The comment about PJs being made to fit presentations is right: I'm the market, not you. (My facility purchases about 50-100 projectors per year at about $5000 per, depending on budget.) Some manufacturers, like BenQ and Optoma, have specifically targeted the HT market, and more power to them, but the vast majority of PJs are made for my clients.

That having been said, it makes perfect sense that most projectors would present an XGA or SXGA image far better than they would line-double a 480p DVD image. There are certainly scalers out there that will convert the image for you into a nice, native matrix -- but the ones that will do it right will cost you far more than the PC will (Analog Way, eg).

Don't get me wrong -- I use scalers all the time. They have their place -- but they're far more useful in an environment like mine where you don't want people to have access to the hardware than in your environment, where, presumably, it's OK for you to access your PC directly.

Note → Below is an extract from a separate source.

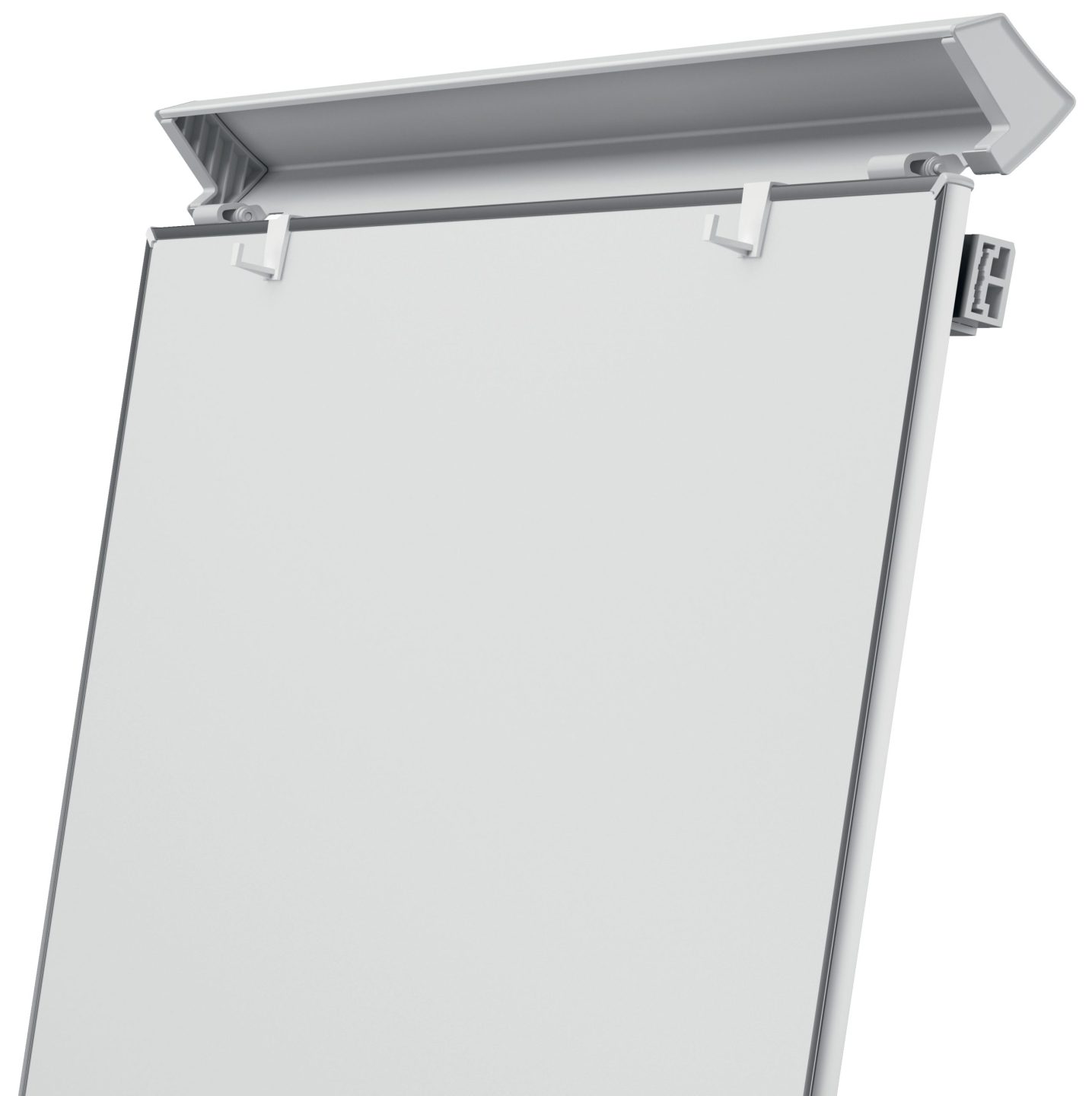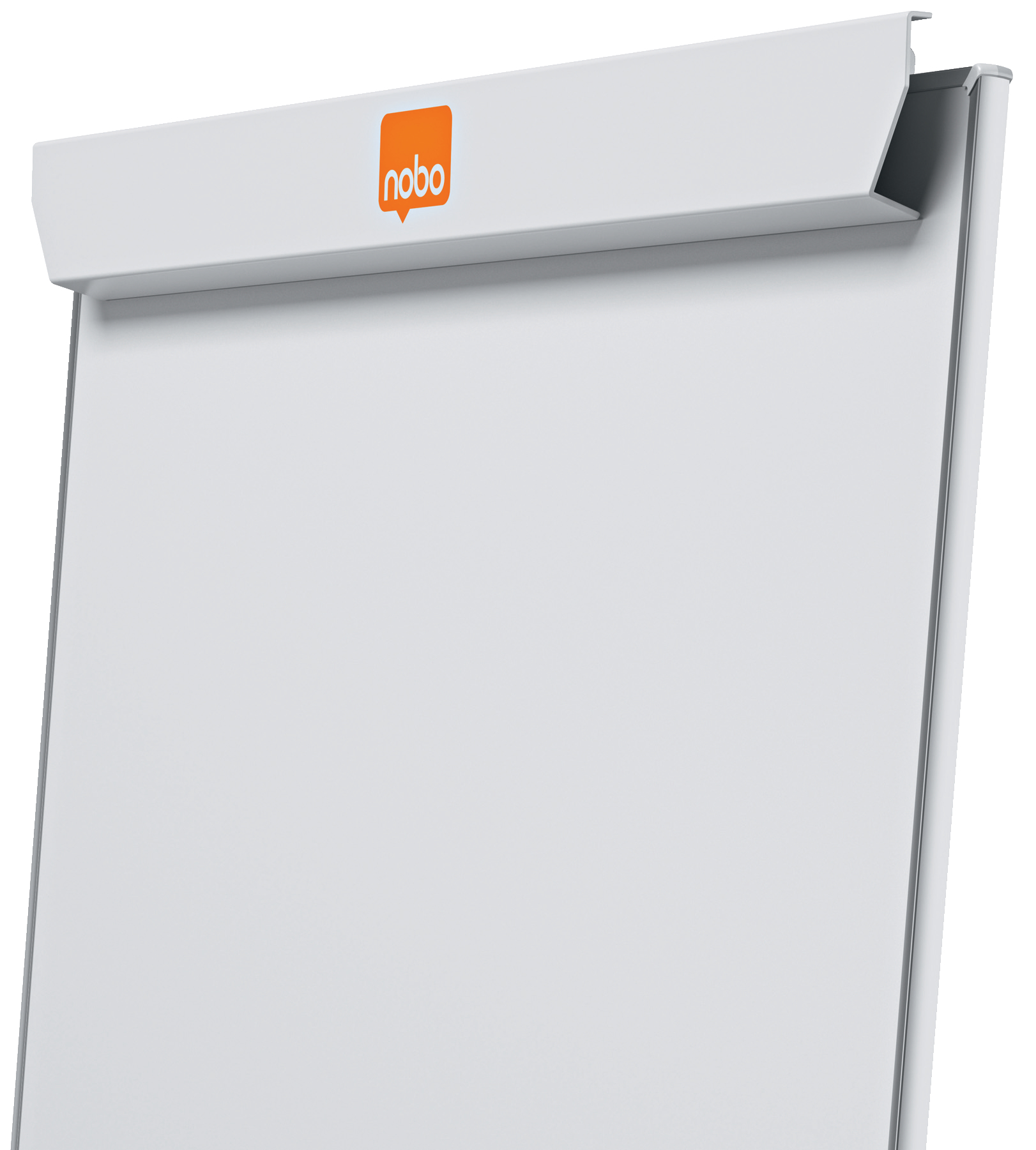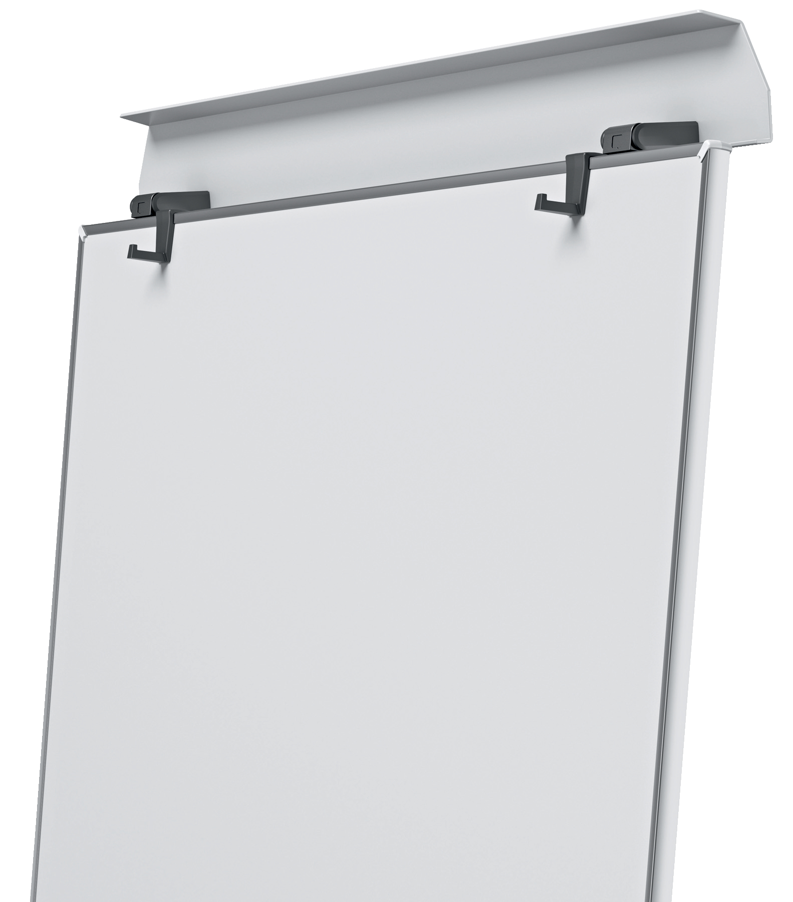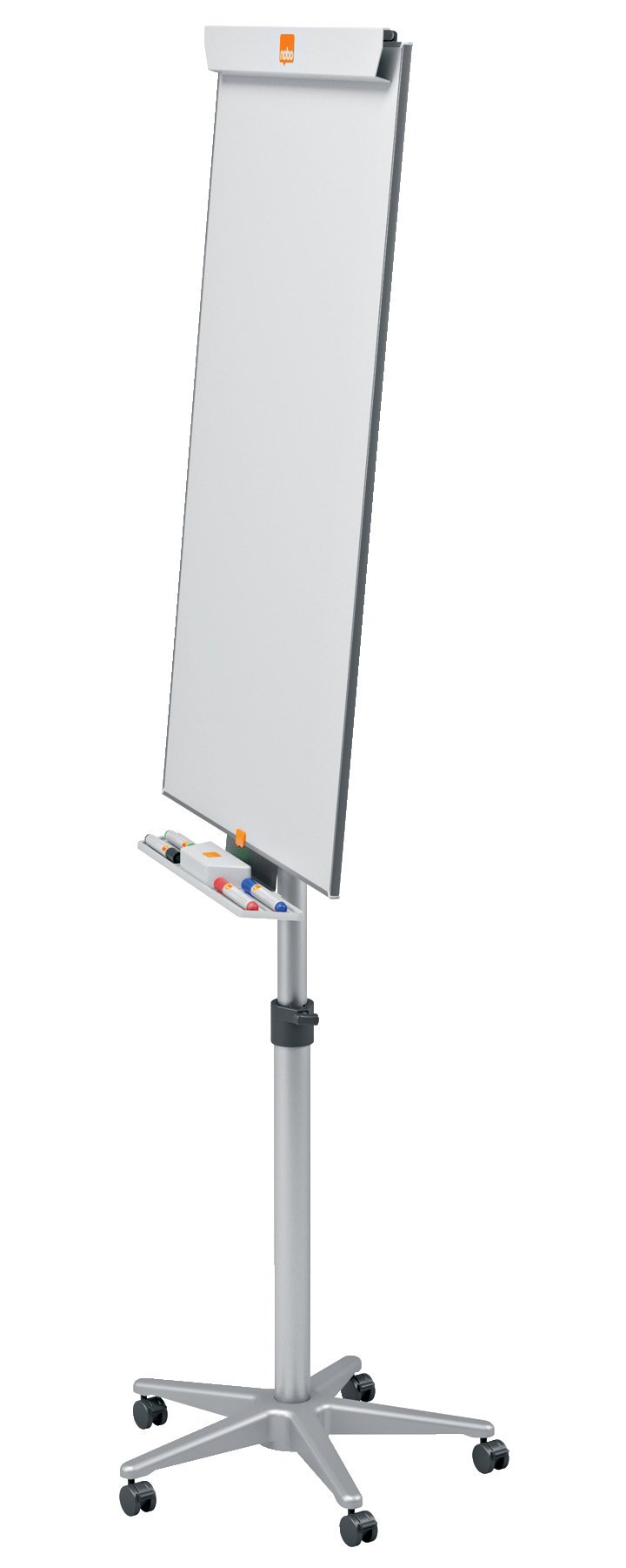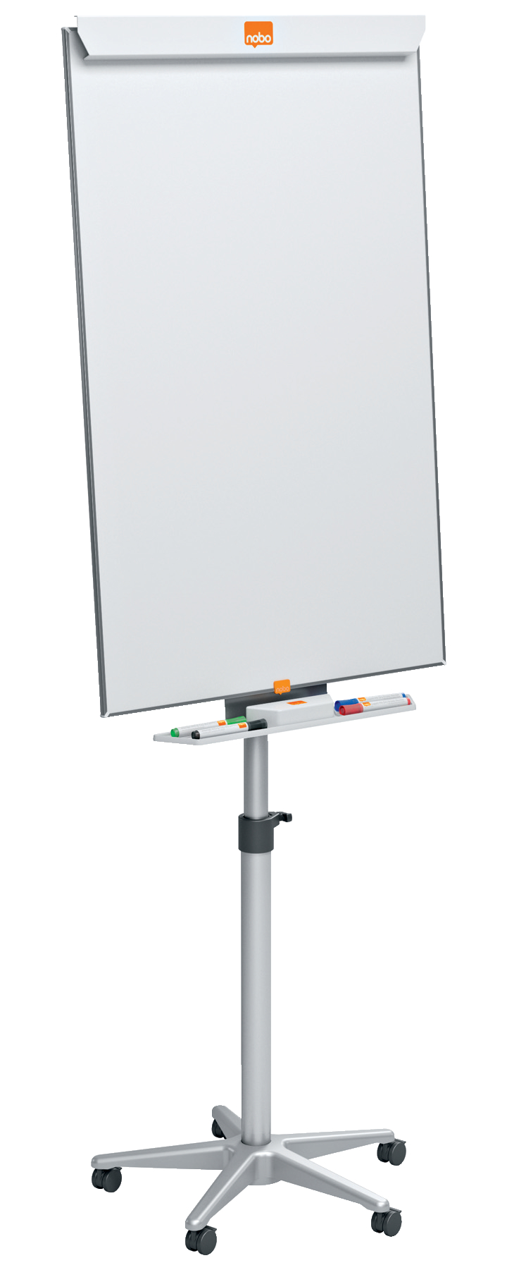 Skrivbar, drywipe overflade. Justerbar kroge, passer stort set til alle flipoverblokke. Pennebakke i metal i hele bredden. 5 hjul, 3 af disse kan låses. Let at justere i højden, har indbygget fjeder-s

One final thought: Try to use 5-wire (5 separate coaxial cables) to connect your PC to your projector, and consider purchasing a projector that has RGBHV inputs (almost always on BNC connectors). Commercially available VGA cables have very substantial signal loss at anything over 20', and even pro VGA cables are not used beyond 50'. Use an HD15-to-5BNC breakout cable and run 5-wire Hi-res coax to the PJ if you can. Many companies sell these; the one virtually every professional uses is Extron.